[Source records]
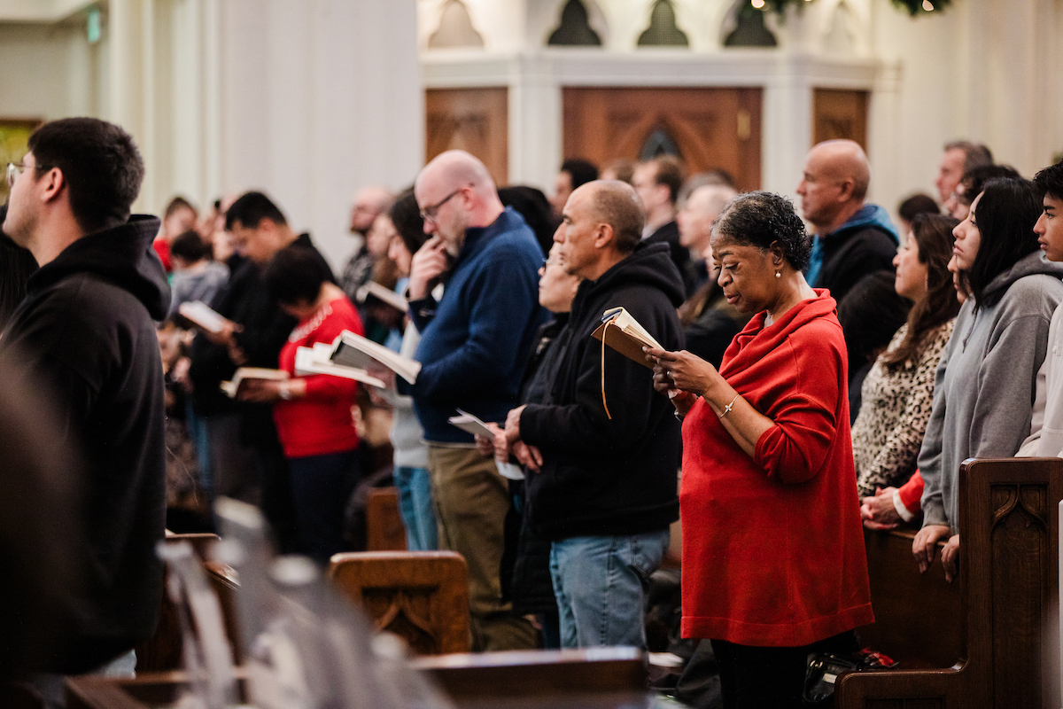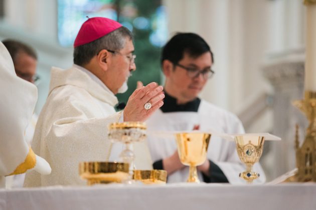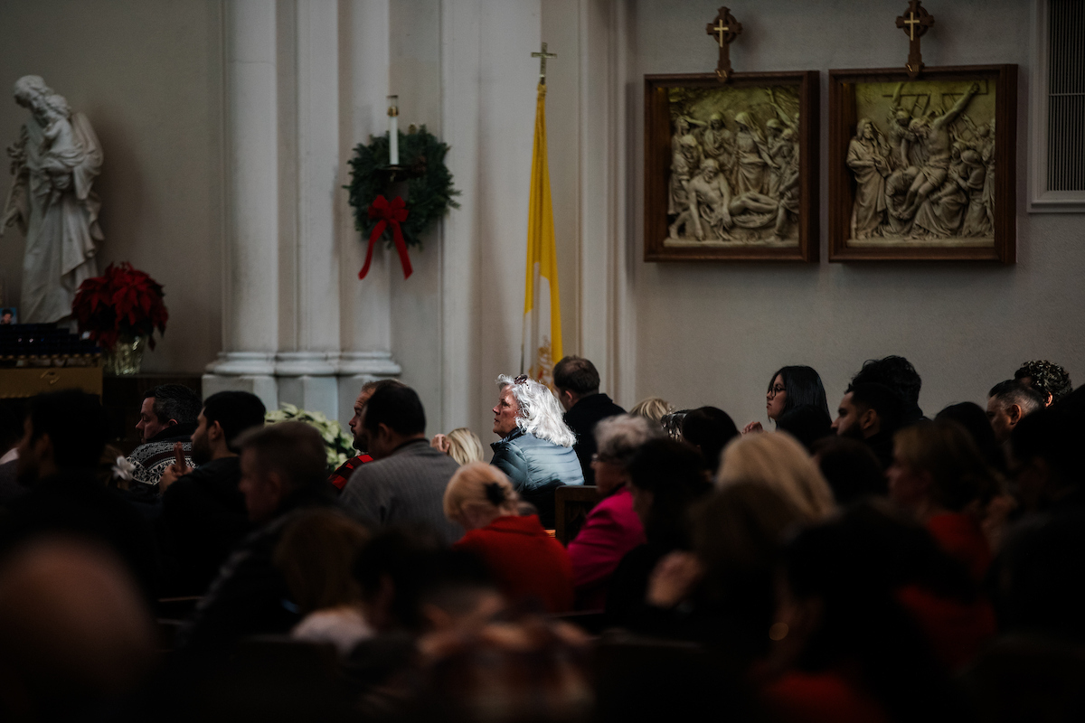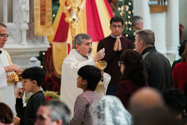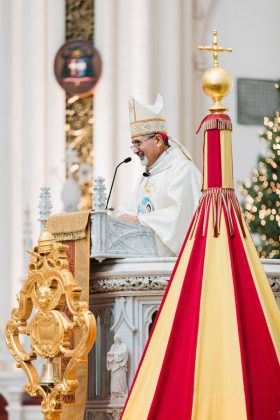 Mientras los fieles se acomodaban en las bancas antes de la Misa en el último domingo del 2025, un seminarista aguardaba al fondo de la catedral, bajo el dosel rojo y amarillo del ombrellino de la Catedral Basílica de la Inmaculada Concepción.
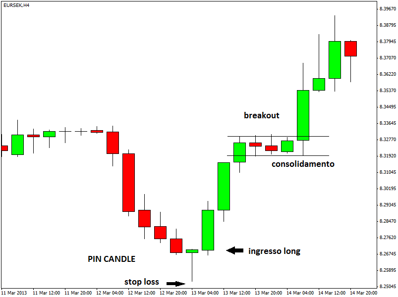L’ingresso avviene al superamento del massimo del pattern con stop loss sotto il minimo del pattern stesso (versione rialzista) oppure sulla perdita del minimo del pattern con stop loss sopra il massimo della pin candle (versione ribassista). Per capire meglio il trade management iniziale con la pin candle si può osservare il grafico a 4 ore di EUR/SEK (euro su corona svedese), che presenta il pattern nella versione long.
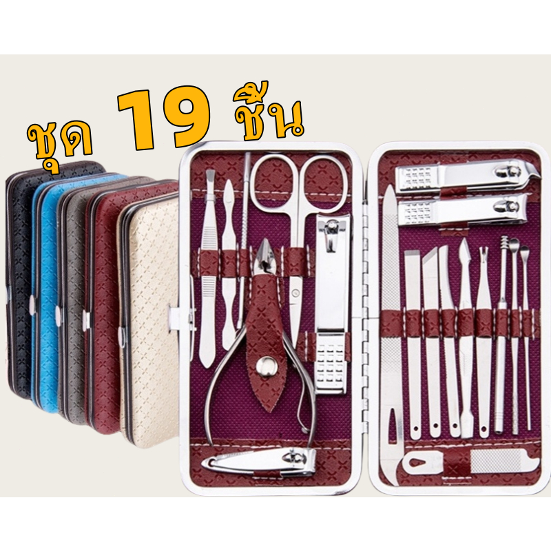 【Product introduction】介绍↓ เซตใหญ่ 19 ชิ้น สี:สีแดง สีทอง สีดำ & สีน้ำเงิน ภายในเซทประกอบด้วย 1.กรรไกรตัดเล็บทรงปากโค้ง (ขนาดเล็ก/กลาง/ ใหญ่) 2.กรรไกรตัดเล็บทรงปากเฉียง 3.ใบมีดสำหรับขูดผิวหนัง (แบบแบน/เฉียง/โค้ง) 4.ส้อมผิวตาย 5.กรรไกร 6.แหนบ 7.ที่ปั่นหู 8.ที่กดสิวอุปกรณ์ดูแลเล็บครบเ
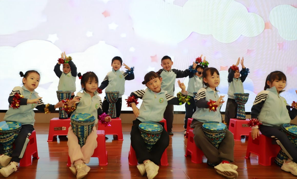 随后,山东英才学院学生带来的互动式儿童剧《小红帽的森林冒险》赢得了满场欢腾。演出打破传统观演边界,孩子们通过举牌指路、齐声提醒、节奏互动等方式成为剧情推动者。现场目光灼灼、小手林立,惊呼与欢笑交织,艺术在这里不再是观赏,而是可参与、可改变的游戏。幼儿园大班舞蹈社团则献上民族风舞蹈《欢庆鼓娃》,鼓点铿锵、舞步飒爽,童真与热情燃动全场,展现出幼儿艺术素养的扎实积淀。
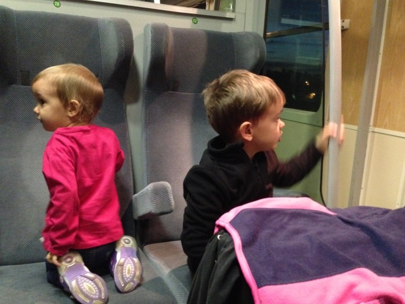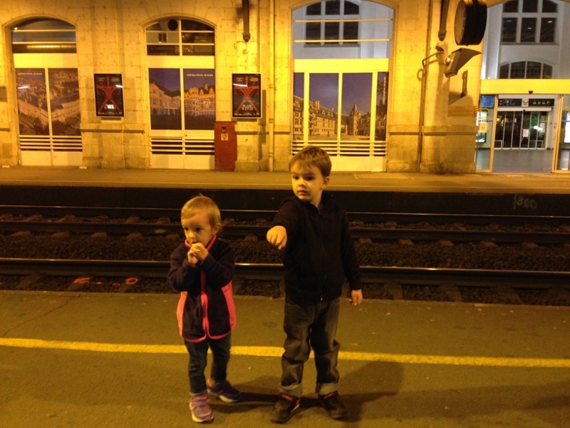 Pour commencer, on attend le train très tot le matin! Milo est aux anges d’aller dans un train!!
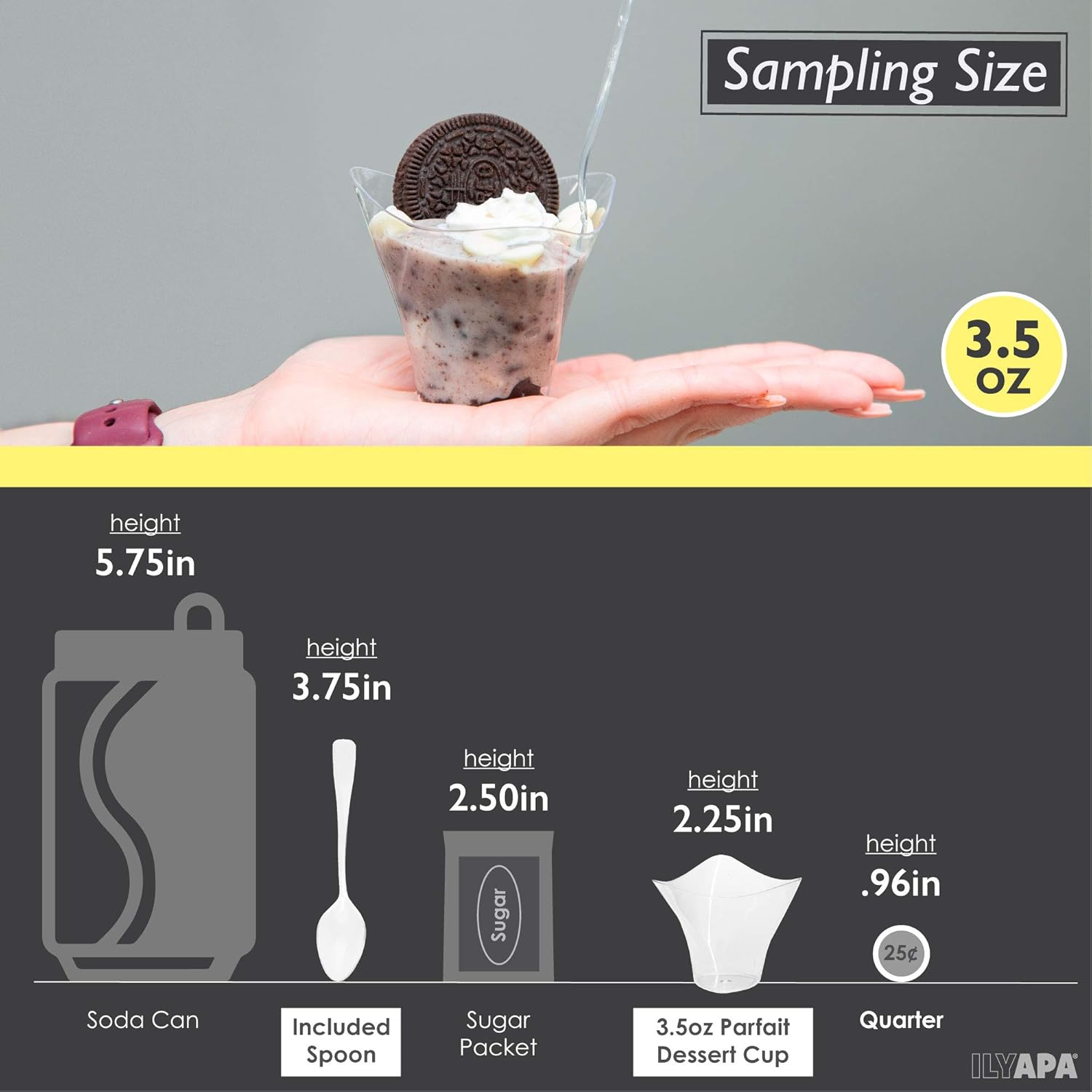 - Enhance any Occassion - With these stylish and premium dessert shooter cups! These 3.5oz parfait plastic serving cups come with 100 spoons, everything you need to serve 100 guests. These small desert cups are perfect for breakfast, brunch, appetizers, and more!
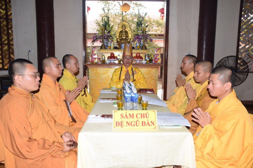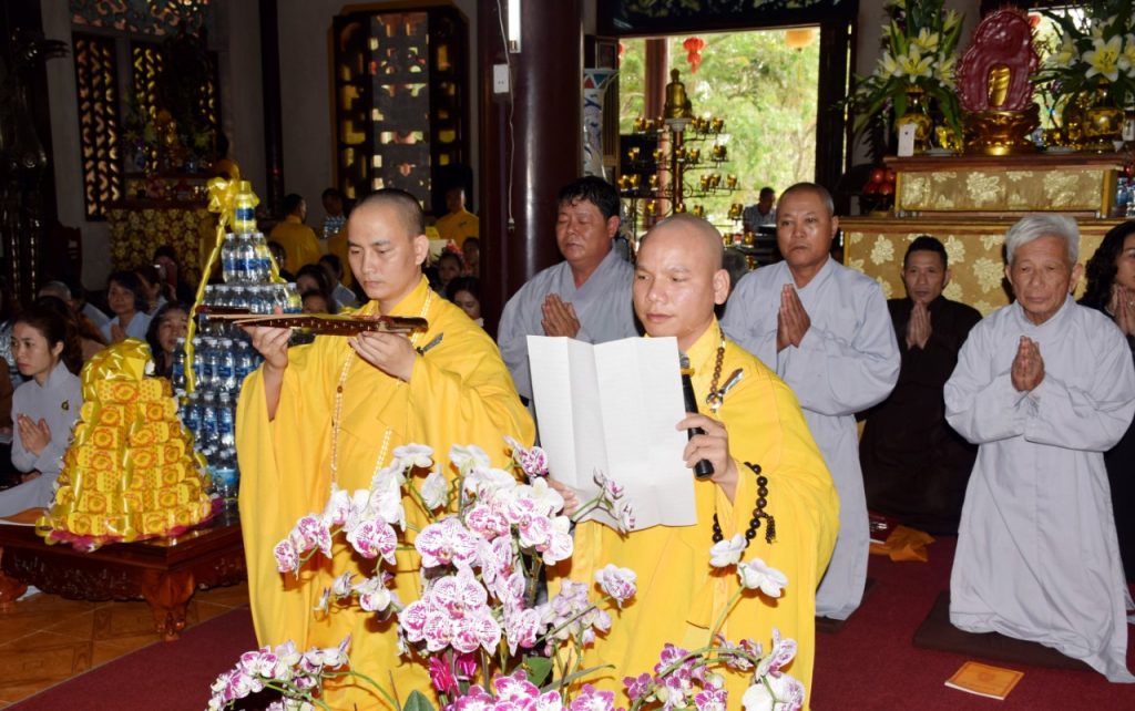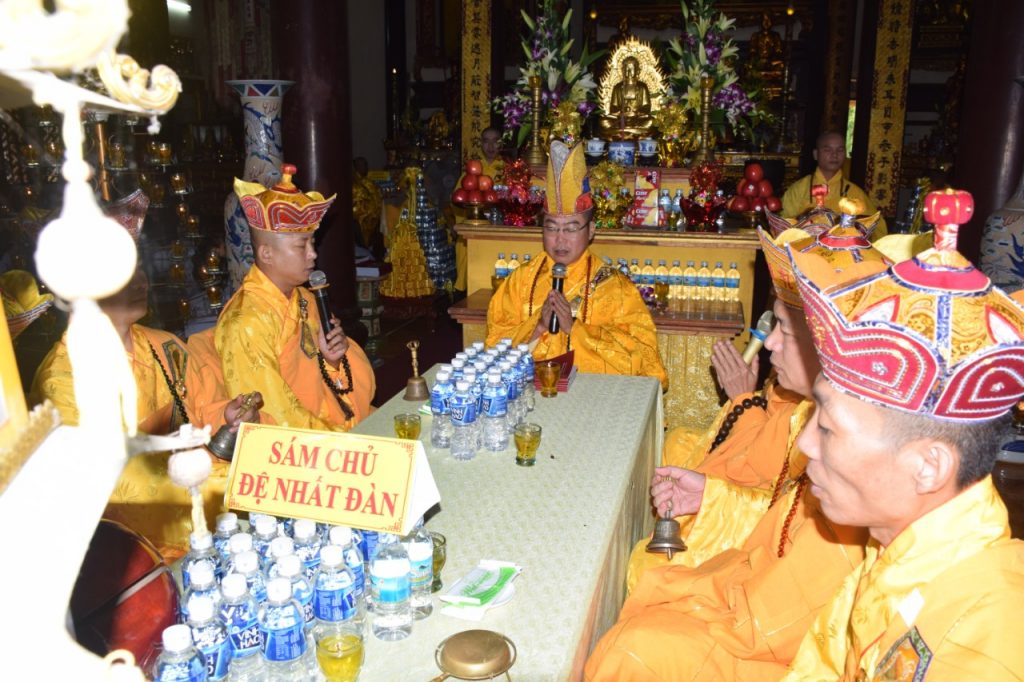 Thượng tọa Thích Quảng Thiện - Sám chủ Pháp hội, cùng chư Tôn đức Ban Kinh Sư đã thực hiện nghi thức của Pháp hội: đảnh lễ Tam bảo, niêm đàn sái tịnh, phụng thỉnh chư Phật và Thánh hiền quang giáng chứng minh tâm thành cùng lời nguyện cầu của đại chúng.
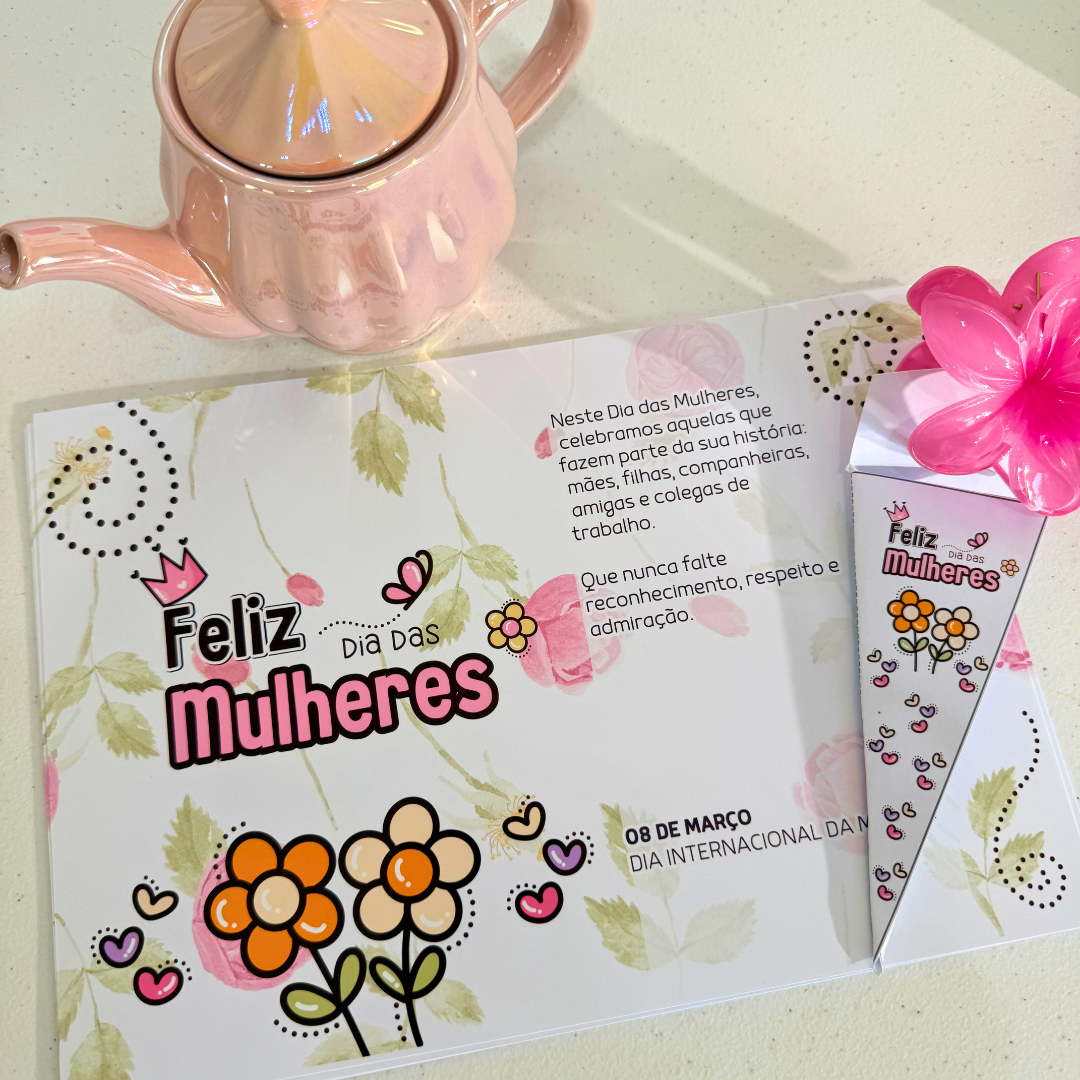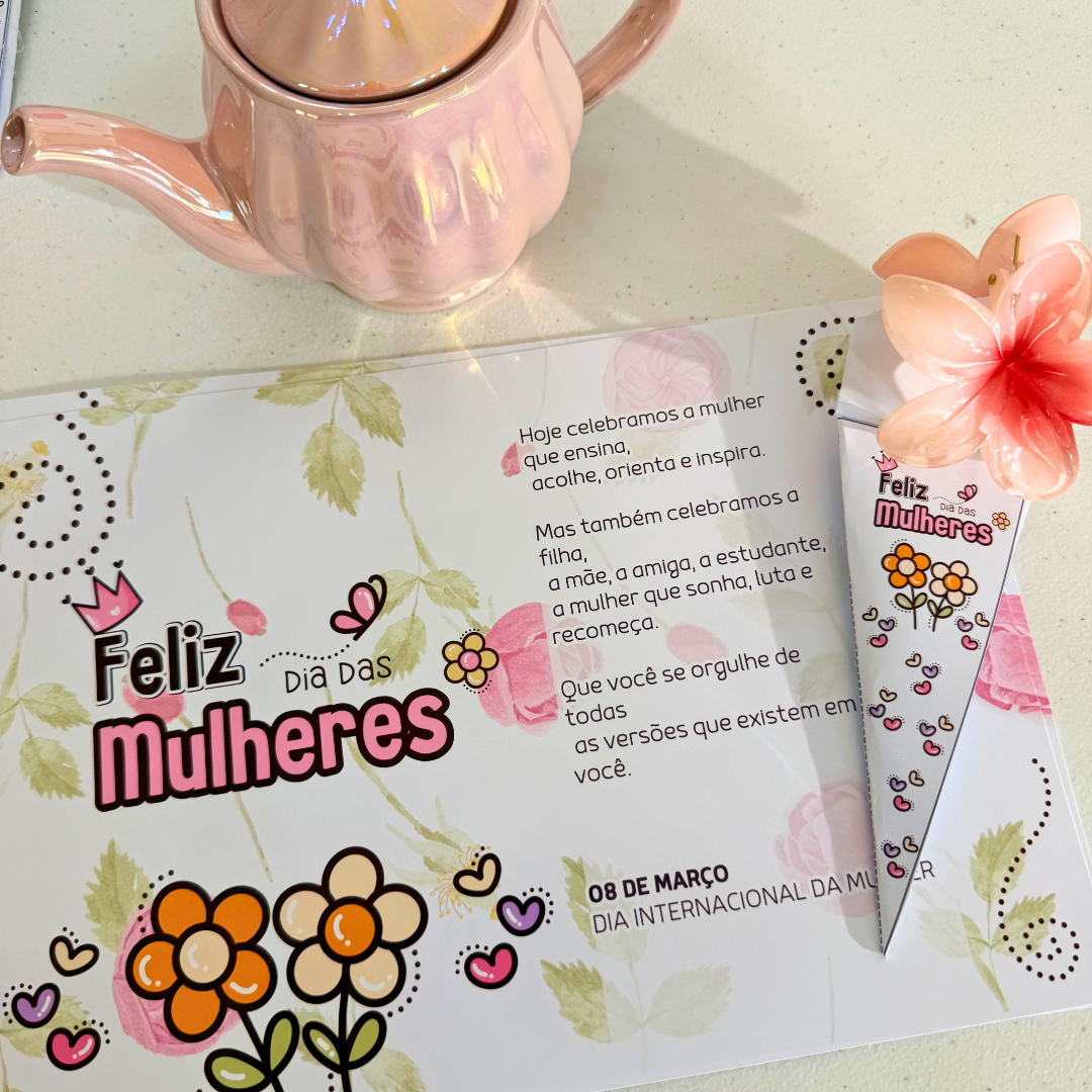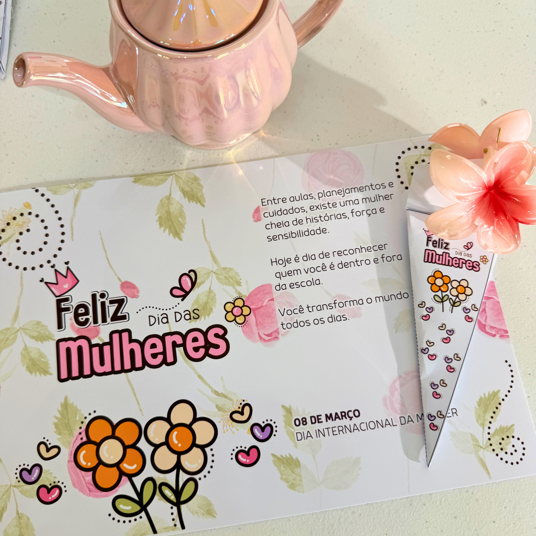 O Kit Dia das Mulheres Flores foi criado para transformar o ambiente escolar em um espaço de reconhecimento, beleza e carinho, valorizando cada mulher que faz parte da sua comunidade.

What the task requires: Reproduce the data above exactly, but only the lines from the one showing "随后,山东英才学院学生带来的" through the one showing "Pour commencer, on", with both ends kept and the pictures left out.

Result below:
 随后,山东英才学院学生带来的互动式儿童剧《小红帽的森林冒险》赢得了满场欢腾。演出打破传统观演边界,孩子们通过举牌指路、齐声提醒、节奏互动等方式成为剧情推动者。现场目光灼灼、小手林立,惊呼与欢笑交织,艺术在这里不再是观赏,而是可参与、可改变的游戏。幼儿园大班舞蹈社团则献上民族风舞蹈《欢庆鼓娃》,鼓点铿锵、舞步飒爽,童真与热情燃动全场,展现出幼儿艺术素养的扎实积淀。
 Pour commencer, on attend le train très tot le matin! Milo est aux anges d’aller dans un train!!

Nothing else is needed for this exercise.